The key issues that have been determined to be common to a majority of disputed COVID-19 BI claims include the following:
• What is meant by ‘interruption or interference’ and is closure required in whole or in part?
• Does “notifiable disease” or “human infectious or human contagious disease” include COVID-19?
• If the disease is required to be in the “vicinity of the insured premises” what does this mean?
• If the policy requires that the disease must exist within a geographical limit of the premises (e.g. 25 miles) what is required by way of proof?
• What is the meaning of an “occurrence” of notifiable disease or an “outbreak” of notifiable disease?
• What does a policyholder have to prove to show prevention or hindrance in access or use of premises?
• What is meant by “actions”, “advice”, “restrictions” imposed by government or other authority?
• What is meant by an “emergency likely to endanger life” (or similar)
• What is meant by “public authority” or “competent local authority”?
• What are the relevant causal links that must be established depending on the words used in the policy?
• Is there more than one potentially operative cause of loss, and if so what is the effect on recovery?
• What effect do any trends clauses have on the application of causation arguments?

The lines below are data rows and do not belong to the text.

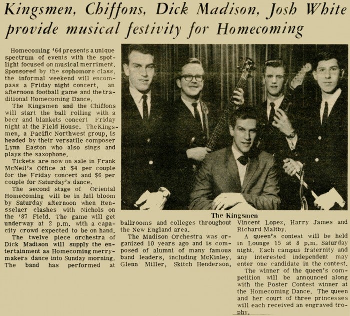 The Transit being the best source of information on parties and posters, The Poly pointed to the bands! An article about The Kingsmen, Chiffons, Dick Madison and Josh White providing music for Homecoming was a welcome discovery. Check out this party poster! The Kingsmen were from the west coast though, so how big were these parties? Better yet, what was the Burdett drag strip like?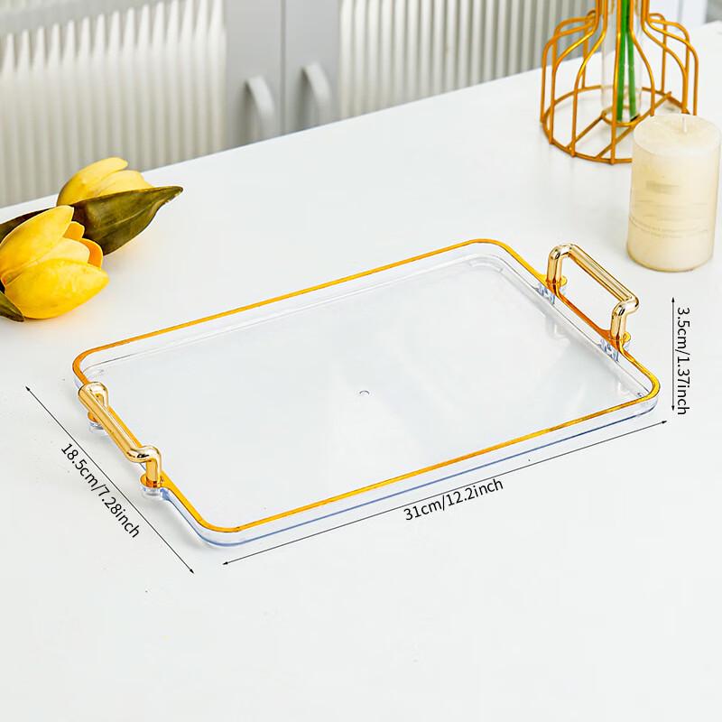 Rectangular Transparent Gold-Rimmed Serving Trays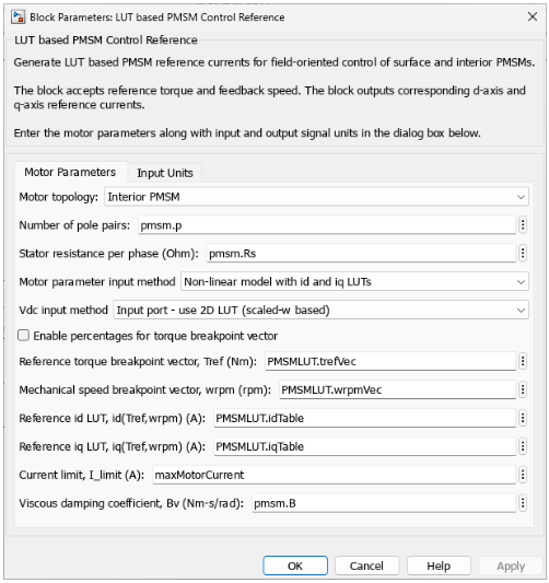 For either model, in the Motor Parameters tab of LUT based PMSM Control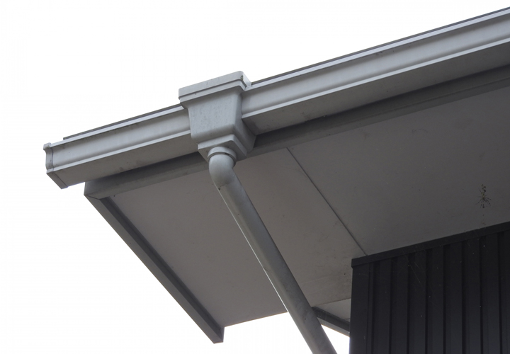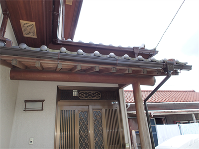 雨量が多い雨天時に一階部分の屋根に取り付けられている雨樋の溢れが気になっていたお客様。雨水が上手に排水されず滝のようにあふれ出てしまっているとご相談をいただきました。
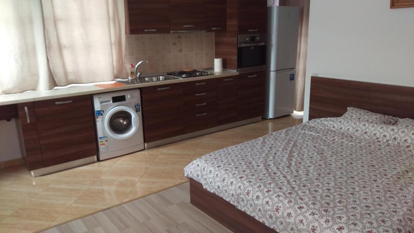 Studio Apartment. The air-conditioned apartment features 1 bedroom and 1 bathroom with a bath and a hairdryer. A kitchen equipped with a refrigerator, a microwave and a tea and coffee maker is available for cooking and storing food. Featuring a terrace, this apartment also provides a washing machine, soundproof walls and a flat-screen TV with cable channels. The unit offers 2 beds.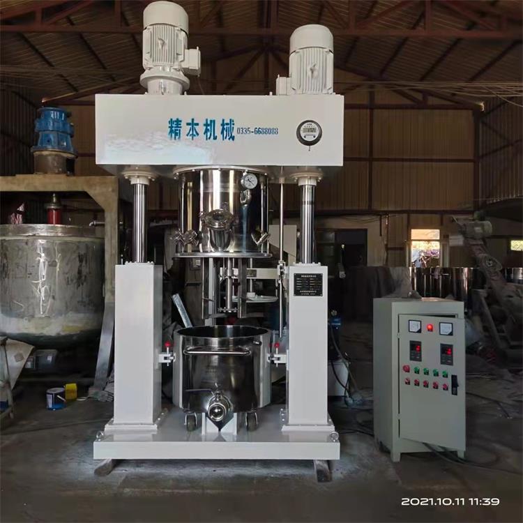 雙行星攪拌機根據(jù)行星運動軌跡設(shè)計,攪拌結(jié)構(gòu)有低速攪拌器、高速攪拌器、以及相應(yīng)的刮板裝置組合而成。雙行星攪拌機的雙組低速攪拌器自轉(zhuǎn)的同時繞著軸心進行公轉(zhuǎn),而且低速攪拌器的形式根據(jù)不同的物料粘度和生產(chǎn)工藝選擇不同的攪拌形式,常見的攪拌形式包括槳葉式、麻花式、爪式、框式等結(jié)構(gòu),具備良好的混合、反應(yīng)、捏合、溶解的作用;高速分散器由多層具備極高線速度的鋸齒狀分散盤組成,它同樣在高速自轉(zhuǎn)的同時繞著軸心進行公轉(zhuǎn),能夠?qū)⒎哿希ㄖ鷦┛焖俚姆稚⒌綕{料里,具備很強的分散作用;刮板裝置根據(jù)客戶實際的生產(chǎn)工況選配。

• Do micro-organism, pollution or contamination exclusions act to exclude the losses?
Timeframe and Procedure
The FCA intends to file its claim on 9 June 2020, with Defences to be filed by 23 June 2020, and a final hearing is anticipated to be scheduled in the second half of July. In a Framework Agreement executed between the FCA and the participating insurers, it is expressly recognised that the FCA or any Insurer may appeal the decision of the court in relation to any particular issue, but the parties agree to explore the possibility of an expedited leapfrog appeal to the Supreme Court if necessary.
Further Documents
Alongside its announcement, the FCA has published:
• A proposed representative sample of 17 policy wordings;
• A preliminary list of affected insurers;
• Proposed Assumed Facts against which the determination will be made;
• Proposed Questions for Determination by the court arising from insurers’ reason fo declining claims; and
• Proposed Issues Matrix, showing which questions for determination by the court are engaged by each policy in the sample.
• The Framework Agreement agreed by the FCA and Insurers
All documents can be accessed at the FCA website https://www.fca.org.uk/firms/business-interruption-insurance
Consultation
Policyholders, insurance intermediaries, insurers and other stakeholders are invited to provide comments by 3pm on Friday 5 June, to biinsurancetestcase@fca.org.uk
Comment
Taken together, the FCA’s proposed sample of policy wordings, sets of assumed facts, and questions for the court amount to an ambitious and comprehensive set of issues for determination. With eight insurers invited to participate and make submissions across such a broad set of issues in such a compressed timetable, case management will be challenging. Nonetheless, if successfully completed, and not subject to a protracted appeals process, the exercise has the potential to provide insurers, policyholders and intermediaries with a welcome degree of certainty in relation to the vast majority of outstanding COVID-19 business interruption claims. Disputes over discrete issues such as aggregation and quantification of loss will remain, particularly in relation to those policyholders with significant and more complex losses, but even for these policyholders the FCA’s test case should narrow the issues in dispute and reduce the overall costs and time incurred in pursuing claims through formal proceedings.